1. go to https://colab.research.google.com
2. login
3. File > Open notebook
4. click on Github (no need to login or authorize anything)
5. paste the git link: https://github.com/bessagroup/3dasm_course
6. click search and then click on the notebook for this Lecture.

In [1]:
# Basic plotting tools needed in Python.

import matplotlib.pyplot as plt # import plotting tools to create figures
import numpy as np # import numpy to handle a lot of things!

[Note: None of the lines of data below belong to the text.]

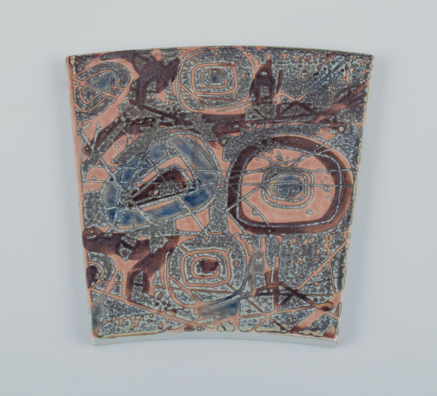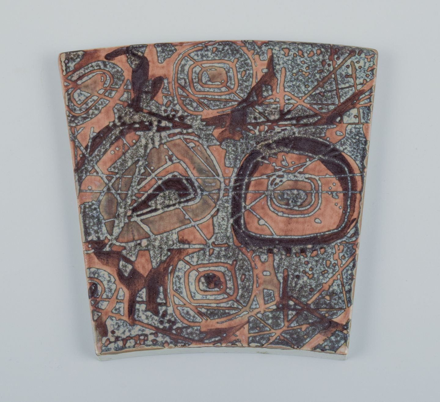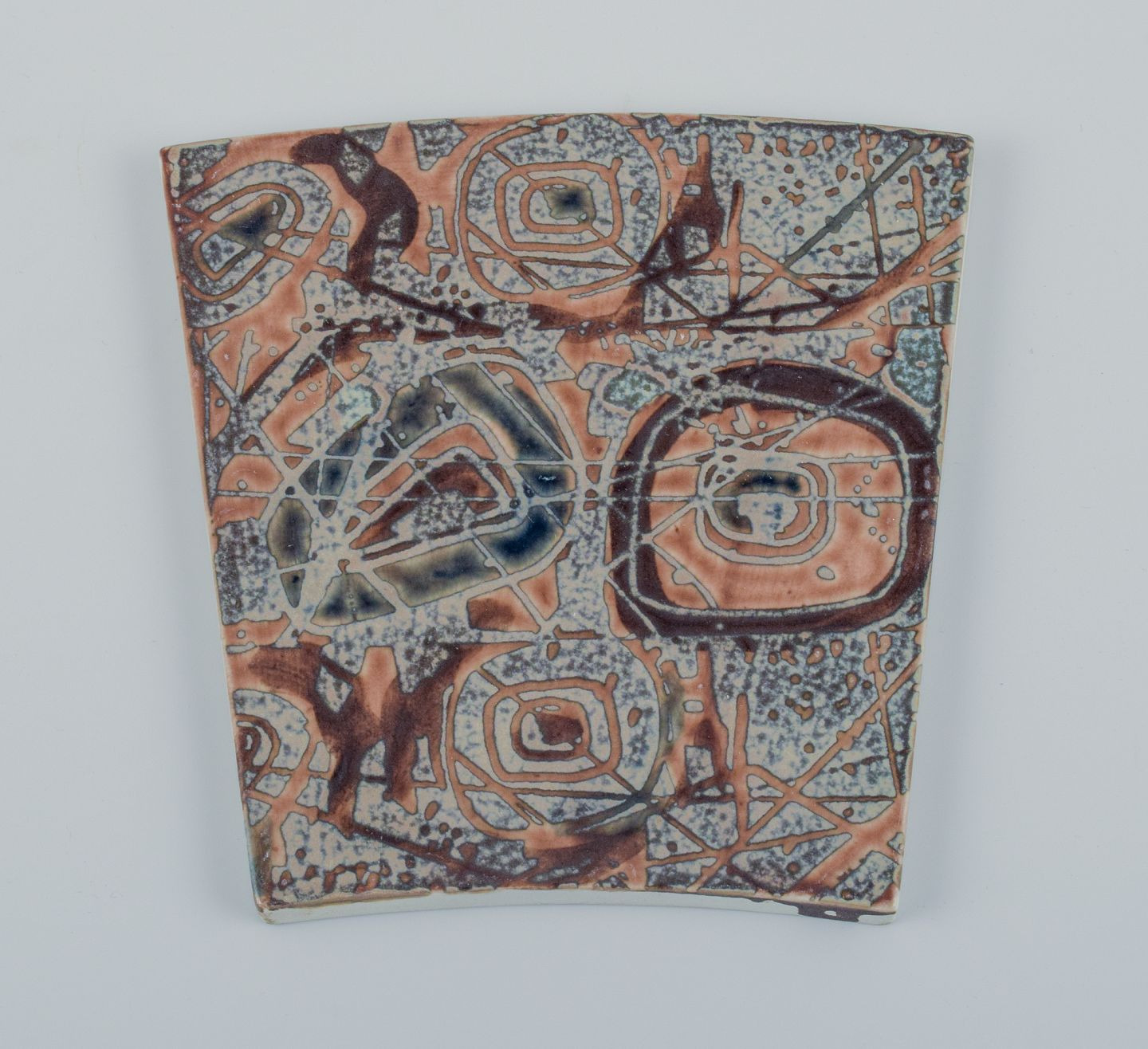 Royal Copenhagen, six Baca faience tiles with patterned glaze in brown, blue and green.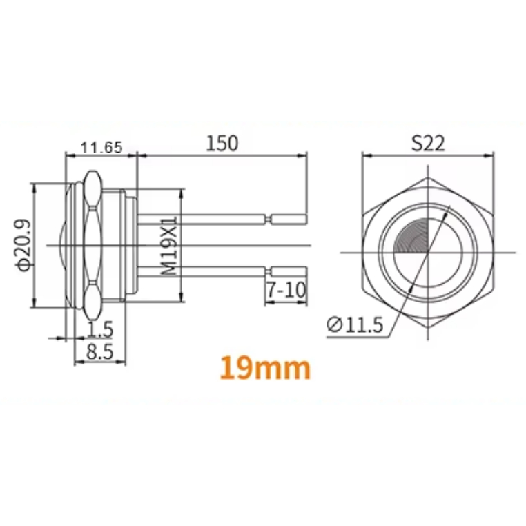Лампа сигнальная, светодиодная, в металлическом корпусе D=19 мм, LED GREEN (зеленый), 5-24V
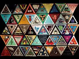 The International Honor Quilt (also known as the International Quilting Bee) is a collective feminist art project initiated in 1980 by Judy Chicago as a companion piece to The Dinner Party.[1][2] The piece is a collection of 539 two-foot-long quilted triangles that honor women from around the world.[3] Through the Flower, Chicago's not-for-profit organization, gifted the collection to University of Louisville Hite Art Institute in 2013 to be available for research and to exhibit.[1]

%config InlineBackend.figure_format = "retina" # render higher resolution images in the notebook
plt.rcParams["figure.figsize"] = (8,4) # rescale figure size appropriately for slides

In [2]:
# To limit the number of rows to show in a dataframe, for presentation purposes:
import pandas as pd

pd.set_option('display.max_rows', 10)

In [3]:
# If f3dasm is not found in current environment, install the correct version from pip
try:
    import f3dasm
except ModuleNotFoundError:
    %pip install f3dasm==1.5.3 --quiet
    import f3dasm



## Outline for today

* Handling data and handling pandas!
* Introducing a Python framework for data-driven design and analysis of structures and materials: `f3dasm`
* Application of knowledge gained in Lecture 1
* Understanding the governing model for the car stopping distance problem

**Reading material**: This notebook

## The car stopping distance problem (again!)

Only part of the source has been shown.